- Born: 24 June 1867
- Died: 31 October 1941
- Occupation: Architect
- Years active: 1909–1940
- Father: William Henry Hill

= William Henry Hill Jr =

Irish architect (1867–1941)

William Henry Hill (24 June 1867 – 31 October 1941) was an Irish architect based in County Cork.

== Biography ==
William Henry Hill was born on 24 June 1867 into an established family of Cork architects. His father, also named William Henry Hill, was himself the son William Hill. Hill's uncles, Arthur Hill, and Arthur Richard Hill were architects, as was Henry Hill, brother of William and father of Arthur. William Henry's cousin, Henry Houghton Hill, was also an architect.

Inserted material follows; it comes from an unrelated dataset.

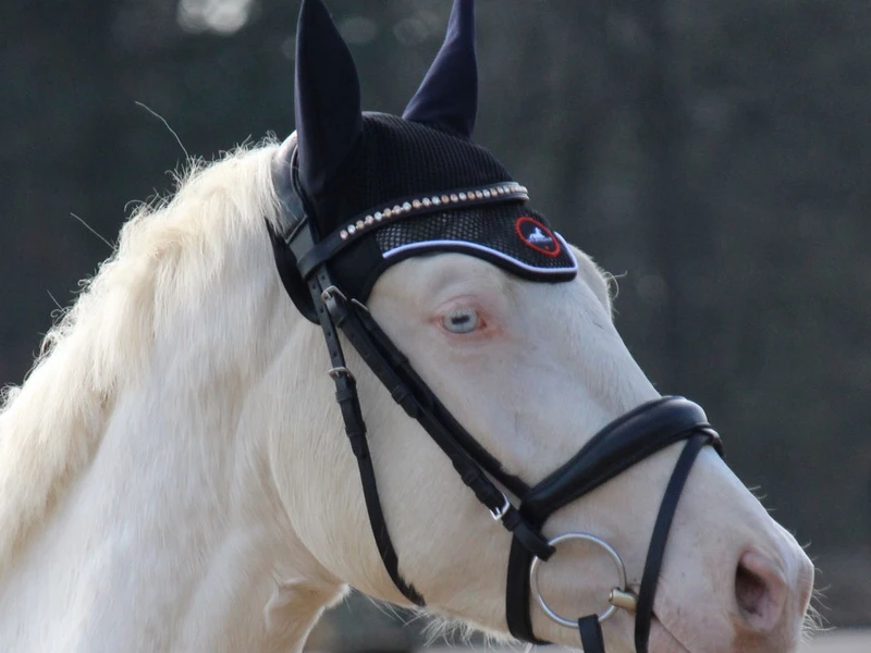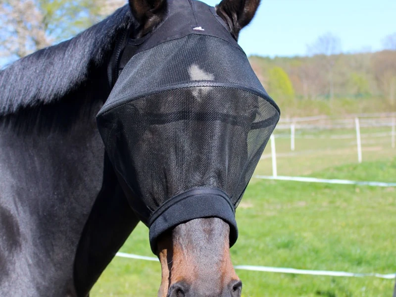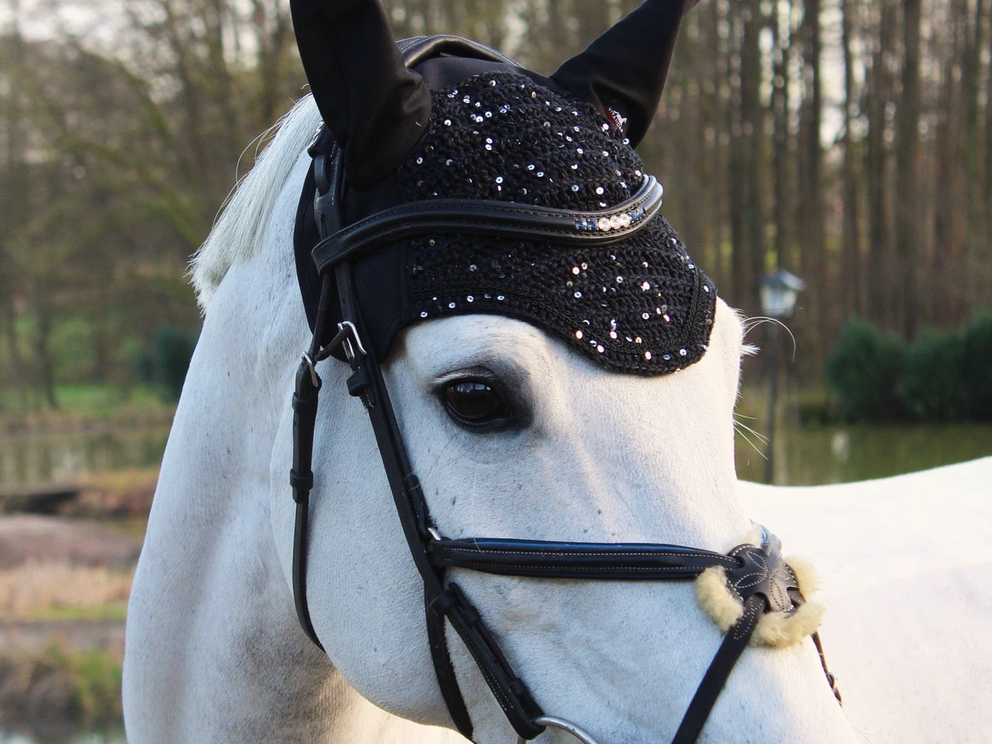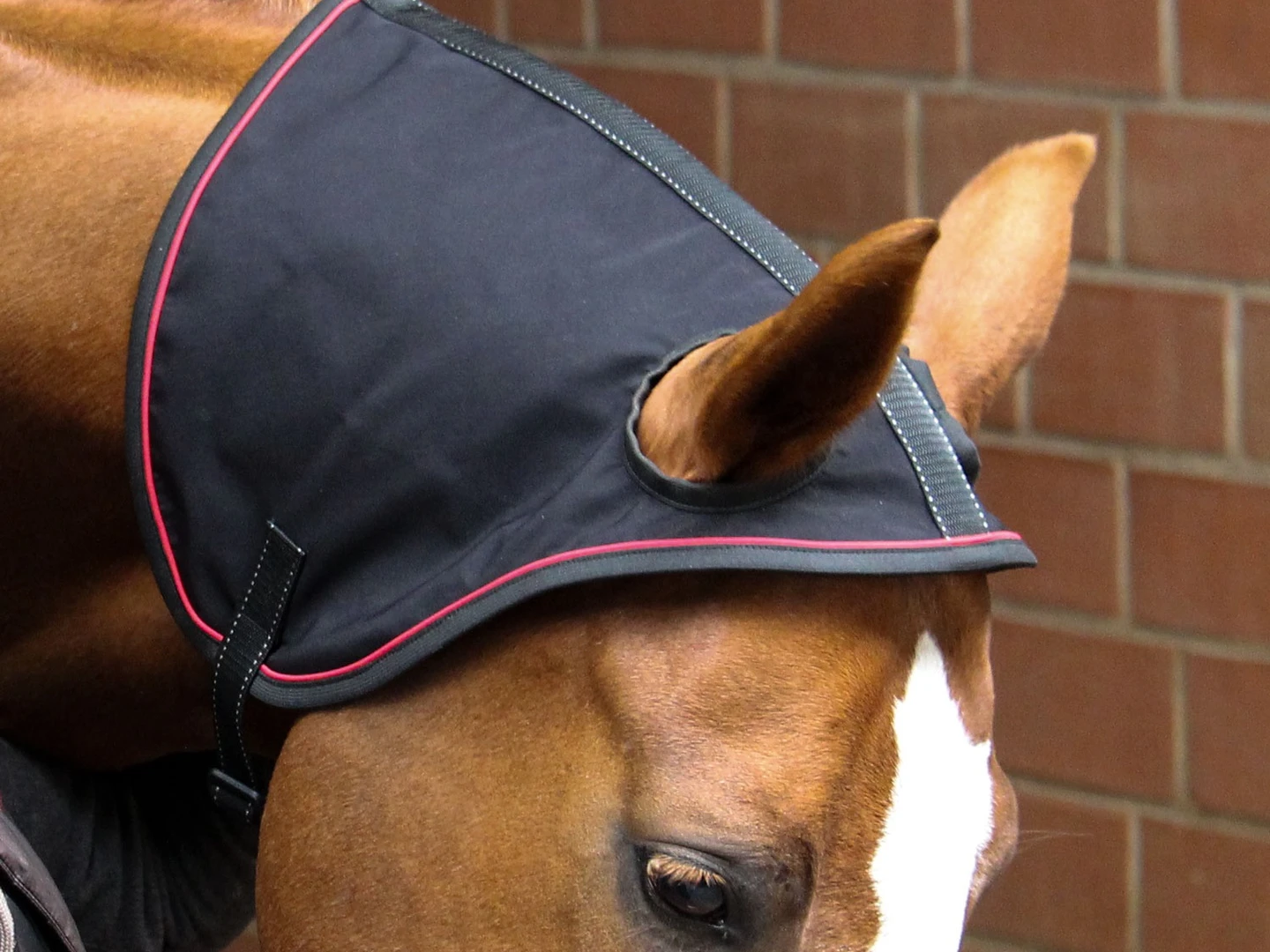 Diese geräuschdämmende Fliegenmütze hat die Ohren aus einem schallschluckenden Material. So kann sich das Pferd besser auf seinen Reiter konzentrieren.

Hill spent three years studying in Queen's College Cork (now known as University College Cork), after which he apprenticed with his father, who made him a partner in his firm in 1899. In 1907, Hill was made diocesan architect of the Diocese of Cork, Limerick and Cashel, a position he held for the following 30 years. He succeeded his father as consulting architect for the Cork Lunatic Asylum board. He was also an engineer for the Cork and Muskerry Light Railway

== Architectural works ==

- UCC Dairy Science building
- Extensive renovations of St. Kevin's Hospital.